In this context, the forum defined monetary policy as a set of monetary measures implemented by central banks to influence money supply and interest rates, with the aim of maintaining price stability and the local currency exchange rate.

And in the event that the central bank pays interest on the deposits of individuals and institutions of digital currencies, then it can transfer the impact of its monetary policy (Monetary Policy Transmission) directly to individuals and companies instead of relying on commercial banks as a tool for transferring monetary policy.

According to the report, all transactions made through CBDCs can be monitored with the aim of quickly identifying banks facing liquidity shortage problems. Thus, it will not depend on the reports you provide to it. Accordingly, central banks’ remedial measures become more effective.

On the importance of digital currencies for central banks, the forum indicated that approximately 114 countries (representing more than 95% of global GDP) are considering offering their digital currencies through their central banks.

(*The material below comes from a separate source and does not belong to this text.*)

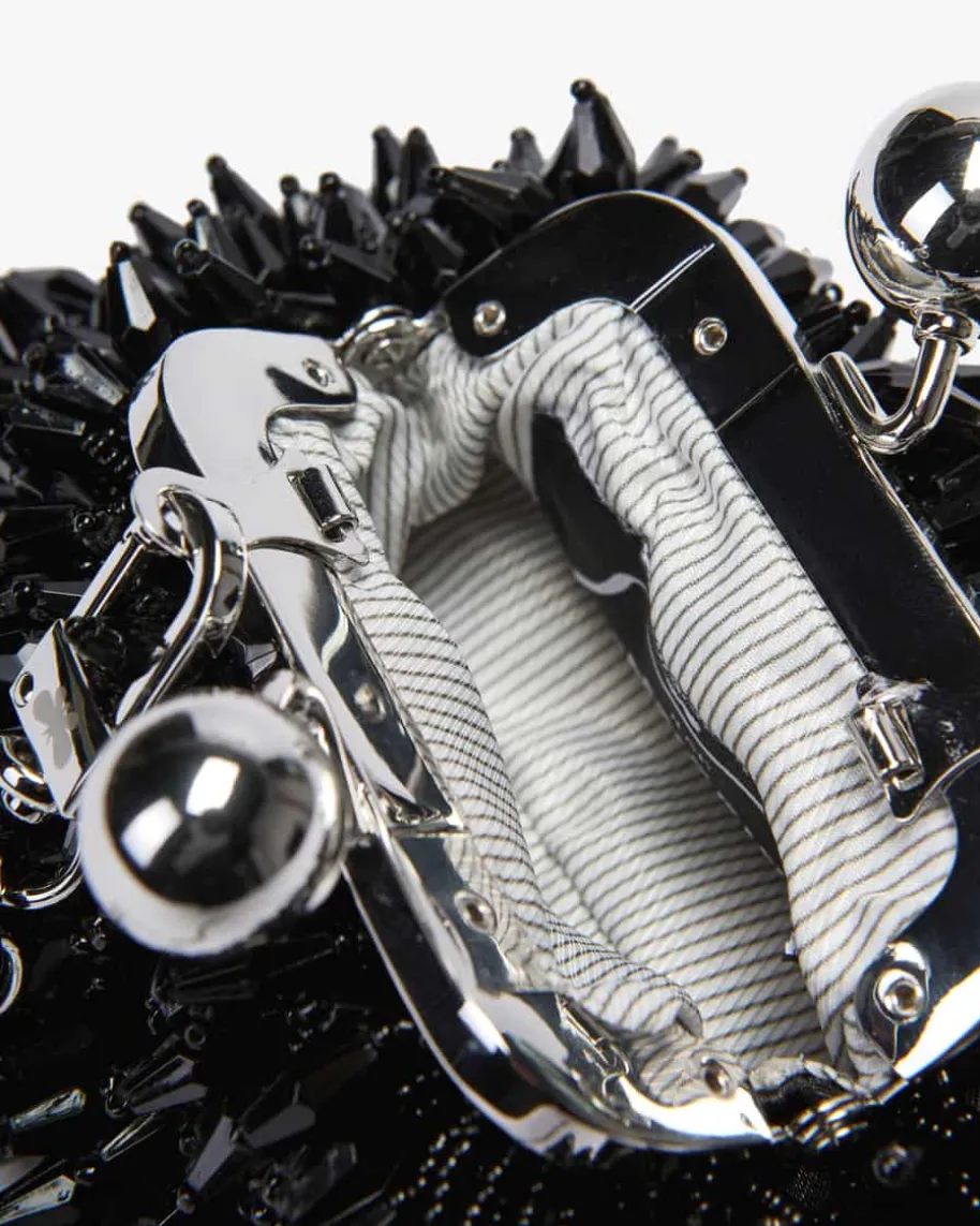 Alfio Umhängetasche für Damen von Weekend Max Mara inSchwarz und Silber. Dievielseitige und praktische Pasticcino Bag aus Satin lässtsich dank dem Nano-Format ideal an Taschen und Hosen befestigen und ist damitimmer zur Hand.Zugleich sorgen die aufgestickten Strass-Steine für dasgewisse Etwas.

The forum also indicated that about 11 countries have announced the launch of their digital currencies in full, with China preparing to expand the beta version to include the entire country by 2023.

The forum also noted that more than 20 countries have taken significant experimental steps toward launching their own digital currencies. Australia, Thailand, Brazil, India, South Korea and Russia plan to continue or start pilot testing in 2023. The European Central Bank is also likely to start its experiment next year.

In a related context, the forum indicated that there are 18 G20 countries that have reached advanced stages of developing their digital currencies, while there are 7 G20 countries in their experimental stages.

In this context, the Forum indicated that in February 2022, the Governor of the Central Bank of Jordan, Dr. Adel Sharkas, stated that the Central Bank of Jordan is currently studying the possibility of issuing an official digital currency linked to the Jordanian dinar.